6. Het beroep is daarom niet-ontvankelijk.

Conclusie en gevolgen

7. Het beroep is niet-ontvankelijk. Dat betekent dat de rechtbank de inhoudelijke juistheid van het genomen besluit niet beoordeelt.
8. Eisers krijgen het griffierecht niet terug. Zij krijgen ook geen vergoeding van hun proceskosten.

Beslissing

De rechtbank verklaart het beroep niet-ontvankelijk.
Deze uitspraak is gedaan door mr. V.P.K. van Rosmalen, rechter, in aanwezigheid van
mr. A. van der Weij, griffier.
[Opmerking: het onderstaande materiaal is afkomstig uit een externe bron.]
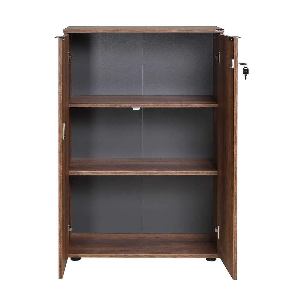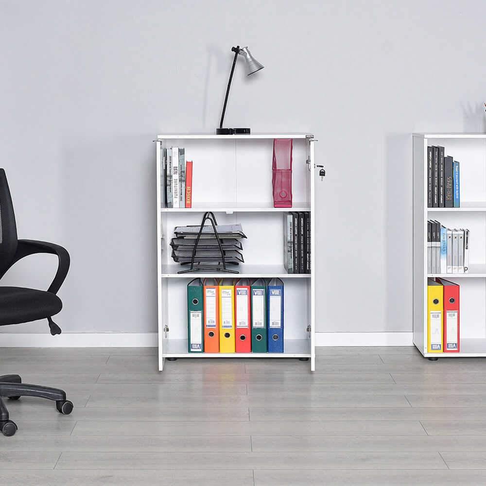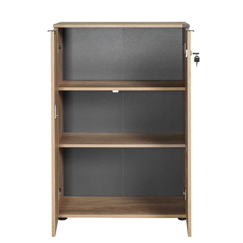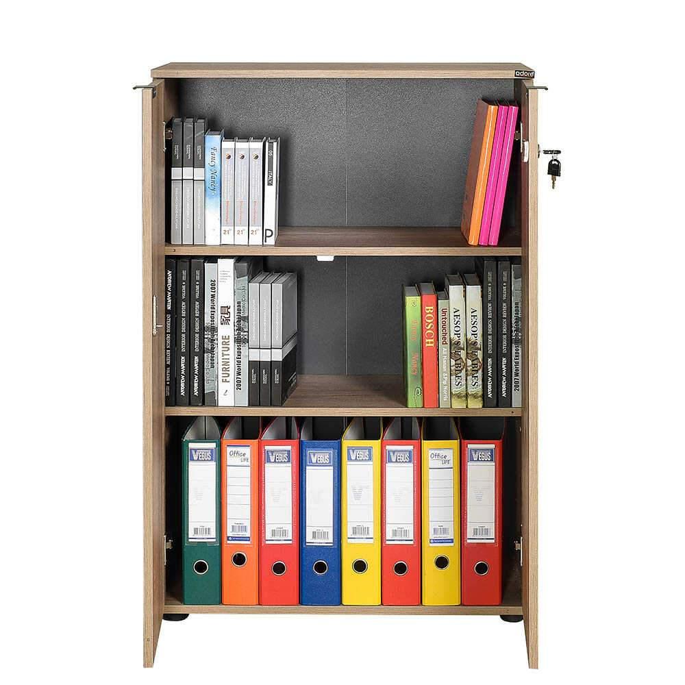 Cu 2 uși cu cheie, 2 rafturi mobile și 1 raft fix, biblioteca Adore Rio oferă spațiu ergonomic de depozitare și protecție.

De uitspraak is uitgesproken in het openbaar op .
griffier
rechter
Een afschrift van deze uitspraak is verzonden aan partijen op:

Informatie over hoger beroep

Een partij die het niet eens is met deze uitspraak, kan een hogerberoepschrift sturen naar de Afdeling bestuursrechtspraak van de Raad van State waarin wordt uitgelegd waarom deze partij het niet eens is met deze uitspraak. Het hogerberoepschrift moet worden ingediend binnen zes weken na de dag waarop deze uitspraak is verzonden. Kan de indiener de behandeling van het hoger beroep niet afwachten, omdat de zaak spoed heeft, dan kan de indiener de voorzieningenrechter van de Afdeling bestuursrechtspraak van de Raad van State vragen om een voorlopige voorziening (een tijdelijke maatregel) te treffen.